Import all necessary packages¶
The main packages necessary for this example are h5py
, matplotlib
, and sidpy
, in addition to pyUSID
:
[1]:
import subprocess
import sys
import os
import matplotlib.pyplot as plt
from warnings import warn
import h5py
%matplotlib inline
def install(package):
subprocess.call([sys.executable, "-m", "pip", "install", package])
try:
# This package is not part of anaconda and may need to be installed.
import wget
except ImportError:
warn('wget not found. Will install with pip.')
import pip
install('wget')
import wget
# Finally import pyUSID.
try:
import pyUSID as usid
import sidpy
except ImportError:
warn('pyUSID not found. Will install with pip.')
import pip
install('pyUSID')
import sidpy
import pyUSID as usid
Download the dataset¶
As mentioned earlier, this image is available on the USID repository and can be accessed directly as well. Here, we will simply download the file using wget
:
[2]:
h5_path = 'temp.h5'
url = 'https://raw.githubusercontent.com/pycroscopy/USID/master/data/SingFreqPFM_0003.h5'
if os.path.exists(h5_path):
os.remove(h5_path)
_ = wget.download(url, h5_path, bar=None)
Open the file¶
Lets open the file and look at its contents using sidpy.hdf_utils.print_tree()
[3]:
h5_file = h5py.File(h5_path, mode='r')
usid.hdf_utils.print_tree(h5_file)
/
├ Measurement_000
---------------
├ Channel_000
-----------
├ Raw_Data
├ Channel_001
-----------
├ Raw_Data
├ Channel_002
-----------
├ Raw_Data
├ Channel_003
-----------
├ Raw_Data
├ Position_Indices
├ Position_Values
├ Spectroscopic_Indices
├ Spectroscopic_Values
Notice that this file has multiple Channel, each with a dataset named Raw_Data
. Are they all Main Dataset datasets? There are multiple ways to find out this. One approach is simply to ask pyUSID to list out all available Main
datasets.
Visualize the contents in each of these channels¶
[4]:
for main_dset in usid.hdf_utils.get_all_main(h5_file):
print(main_dset)
print('---------------------------------------------------------------\n')

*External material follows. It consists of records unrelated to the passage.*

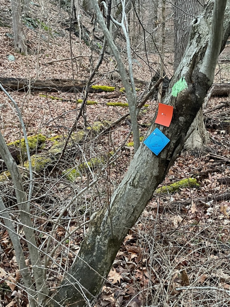 It’s cultivated woods here, not forest. The fifteen miles of trails have been well tagged, in every color of the rainbow, practically.
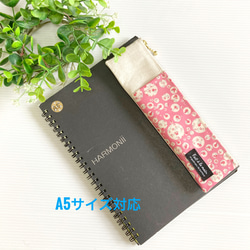 リバティラミネート布を使用した、手帳やノートに取り付けて使うと便利なスリムサイズペンケースです。
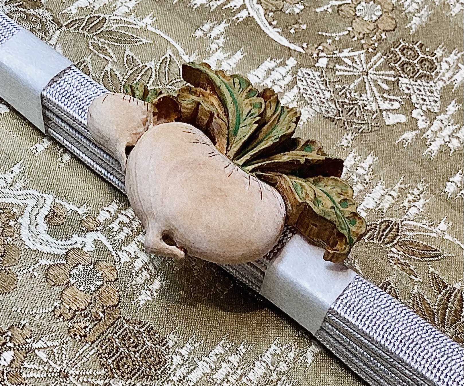 木彫りのカブラ みずみずしいカブラが新鮮な帯留めです。 16500円
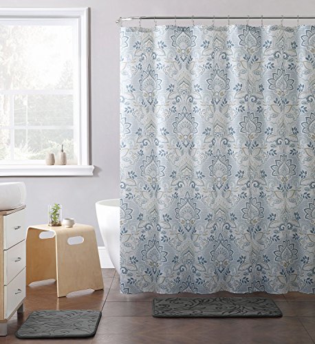 - BEAUTIFUL DESIGN - This stylish bath rug set adds subtle style and design to any bathroom. The set includes bathroom rugs featuring a gorgeous floral pattern and a stylish curtain.
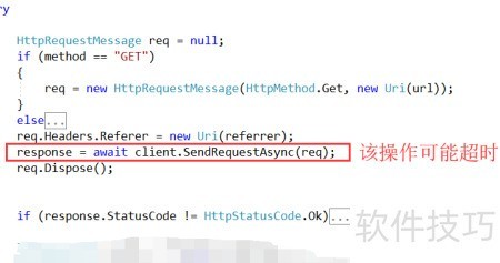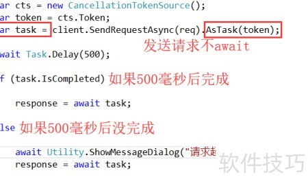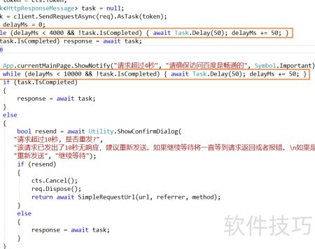 11、 在UWP开发中,图示代码常用于发送网络请求,但使用await时可能长时间无法返回结果,导致程序阻塞,影响用户体验。
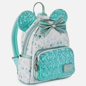 Charming Disney backpack with holographic mint accents. Features beloved character prints and sequins. Ideal for Disney fans! Loungefly Rare
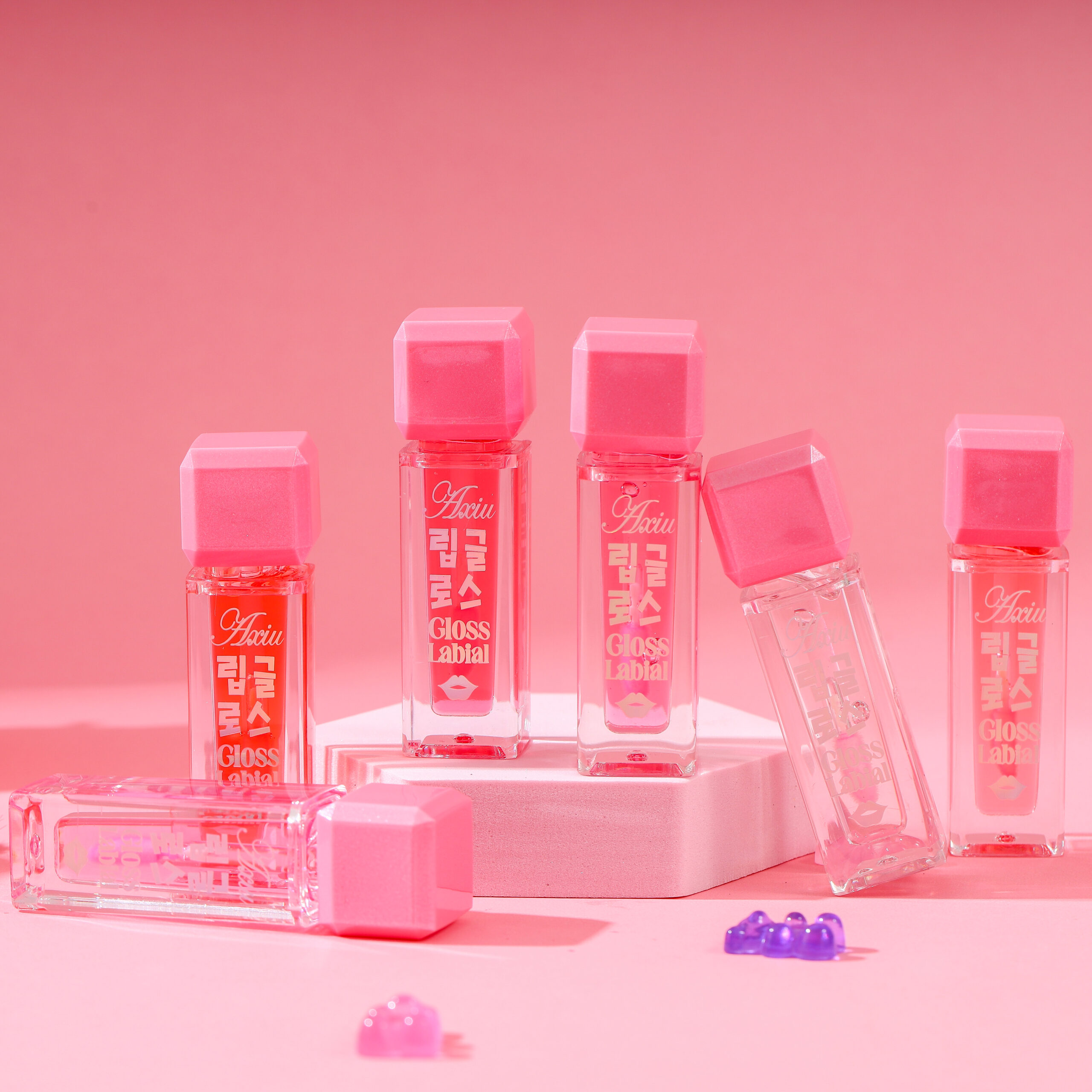 Dipe a cabeça do pincel em quantidade adequada de gloss e aplique uniformemente nos lábios. Aguarde a formação do filme, sobreponha pouco a pouco para obter um efeito de lábios cheios e translúcidos.
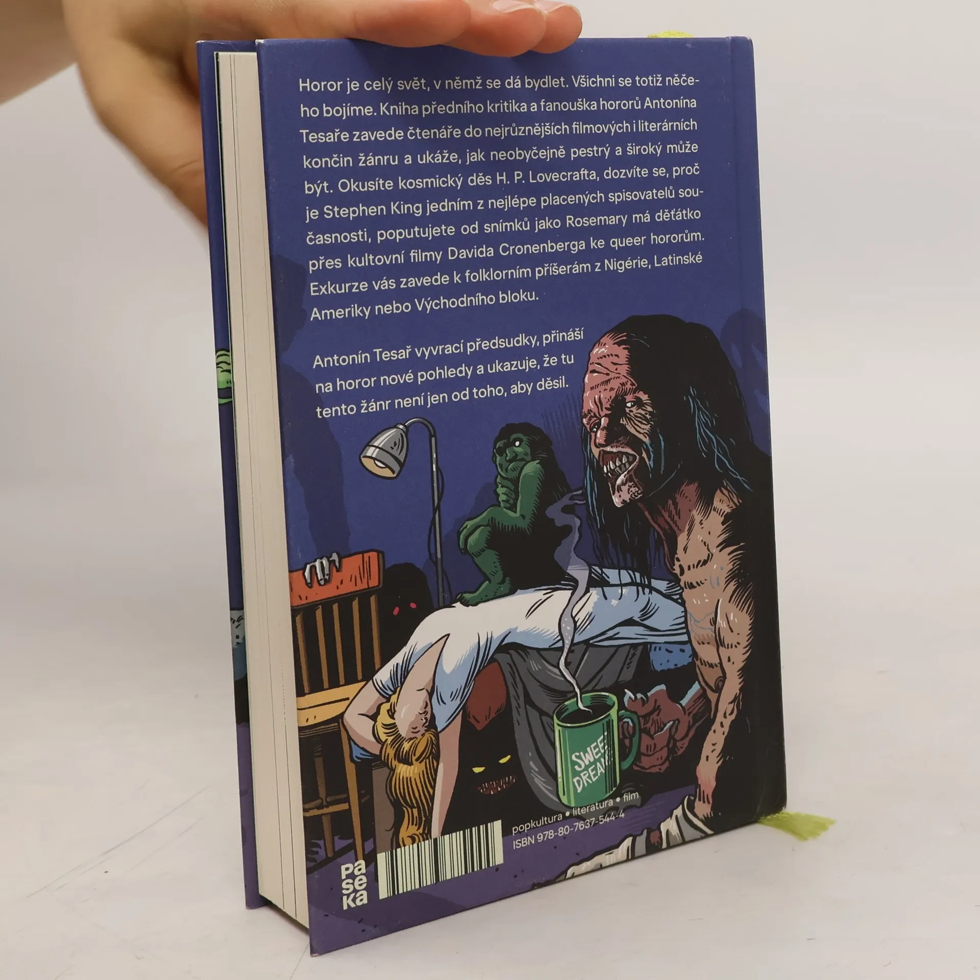 Horor je celý svět, v němž se dá bydlet. Všichni se totiž něčeho bojíme. Kniha předního kritika a fanouška hororů Antonína Tesaře zavede čtenáře do nejrůznějších filmových i literárních končin tohoto žánru a ukáže, jak neobyčejně pestrý a široký může být. Okusíte kosmický děs H. P. Lovecrafta, dozvíte se, proč je Stephen King jedním z nejlépe placených spisovatelů současnosti, poputujete od snímků jako Rosemary má děťátko přes kultovní filmy Davida Cronenberga až po queer horory. Exkurze vás zavede k folklorním příšerám z Nigérie, Latinské Ameriky nebo Východního bloku. Antonín Tesař vyvrací předsudky, přináší nové pohledy na horor a ukazuje, že tu tento žánr není jen od toho, aby děsil. Vychází s doslovem Ivana Adamoviče.
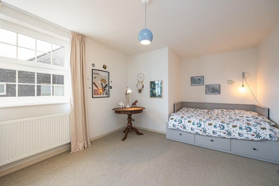 Ten slotte is er de zolderverdieping die toegankelijk is met een vaste trap en helemaal afgewerkt is. Deze 2 zonovergoten kamers dienen nu als bureau en slaapkamer en bieden zeer veel extra ruimte.
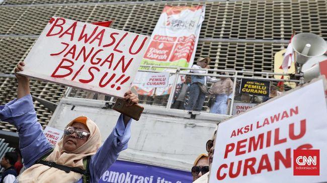 Massa yang hadir di depan Bawaslu didominasi oleh kalangan wanita atau emak-emak. Mereka membawa spanduk dan poster bertuliskan 'tolak pemilu curang'.
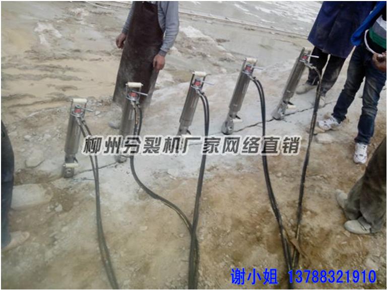 液压分裂机又名劈裂机(岩石混凝土静态破拆机)、膨胀裂石机、静态爆破设备等;是一种具有高膨胀性能的非爆破性破碎用液压机械。非燃、非爆、运输、操作方便。产品特点:破拆过程无振动、无冲击、无噪音,无粉尘,数秒钟内完成破拆,单机最大破拆力可达600吨,单机最大破下碎块可达一个立方,工作效率高,可控制破拆、拆除、破拆尺寸精确、操作简单、可在室内和狭窄场地进行拆除工作,可用于水下施工。 液压分裂机(高效无声破碎机)以其高效性、安全性、易操作性和综合性价比优势,在国内外的市政、路桥、隧道、港口、水利水电、采矿等工程中已得到广泛的应用,如:山峡水电站修建工程、中铁7局隧道避险洞掘进工程施工、广西、贵州、四川、湖南变电公司基塔基础工程施工,柳州公园危岩工程处理,钦州、内蒙古高速公路路面翻新,贵州房屋基础岩石移除,河池岩石二次分解等,并已被国外的印尼、越南、非洲等国家的矿山及国内几十家大型矿山认可及使用。 液压分裂机(高效无声破碎机)适用范围: 一、混凝土或钢筋混凝土的拆除和静力破碎 1、新浇超灌混凝土部位的拆除,如桩承台、桥墩等; 2、旧桥梁、桥墩、公路、堤坝、涵洞、泵站等混凝土设施的改造或拆除; 3、大型设备混凝土基础及混凝土桩、柱、台、座等的拆除; 4、高速公路、隧道、地铁、机场、电厂、油库等及其周边的混凝土构筑物的改造或拆除; 二、石方的破碎开挖、掘进. 1、建筑物地基、桩基岩石的破碎开挖及沉井工程施工; 2、公路拓宽改造工程中岩石基础的破碎开挖; 3、护坡形成、边坡治理工程中的岩石破碎; 4、市政工程中燃气管、水管、电缆等地下管网铺设工程中岩石的开挖; 三、石材的切割-a、花岗石、大理石、汉白玉等经济类石材荒料的开采和切割,成材率提高达2~3倍; 1、工程爆破、控制爆破的预裂施工;炸药爆破后的二次破碎; 2、代替锚固材料进行隧道、涵洞施工; 3、其它不适宜炸药爆破环境条件下的各种混凝土构筑物、炉窑耐火材料等脆性物体的拆除及岩石破碎工程。 使用方法: 1、启动总机开关,机器运行。 2、将破碎枪头插入事先打好的孔中,打开手动阀,等待5~10秒,岩石或混凝土即开裂。

<HDF5 dataset "Raw_Data": shape (16384, 1), type "<f4">
located at:
/Measurement_000/Channel_000/Raw_Data
Data contains:
HeightRetrace (m)
Data dimensions and original shape:
Position Dimensions:
X - size: 128
Y - size: 128
Spectroscopic Dimensions:
arb - size: 1
Data Type:
float32
---------------------------------------------------------------
<HDF5 dataset "Raw_Data": shape (16384, 1), type "<f4">
located at:
/Measurement_000/Channel_001/Raw_Data
Data contains:
AmplitudeRetrace (m)
Data dimensions and original shape:
Position Dimensions:
X - size: 128
Y - size: 128
Spectroscopic Dimensions:
arb - size: 1
Data Type:
float32
---------------------------------------------------------------
<HDF5 dataset "Raw_Data": shape (16384, 1), type "<f4">
located at:
/Measurement_000/Channel_002/Raw_Data
Data contains:
DeflectionRetrace (m)
Data dimensions and original shape:
Position Dimensions:
X - size: 128
Y - size: 128
Spectroscopic Dimensions:
arb - size: 1
Data Type:
float32
---------------------------------------------------------------
<HDF5 dataset "Raw_Data": shape (16384, 1), type "<f4">
located at:
/Measurement_000/Channel_003/Raw_Data
Data contains:
PhaseRetrace (m)
Data dimensions and original shape:
Position Dimensions:
X - size: 128
Y - size: 128
Spectroscopic Dimensions:
arb - size: 1
Data Type:
float32
---------------------------------------------------------------
From the print statements above, it is clear that each of these Raw_Data
datasets were indeed Main
datasets. How can these datasets be Main
if they are not co-located with the corresponding sets of Ancillary
datasets within each Channel
group?
Sharing Ancillary Datasets¶
Since each of the Main
datasets have the same position and spectroscopic dimensions, they share the same set of ancillary datasets that are under Measurement_000
group. This is common for Scanning Probe Microscopy scans where information from multiple sensors are recorded simultaneously during the scan.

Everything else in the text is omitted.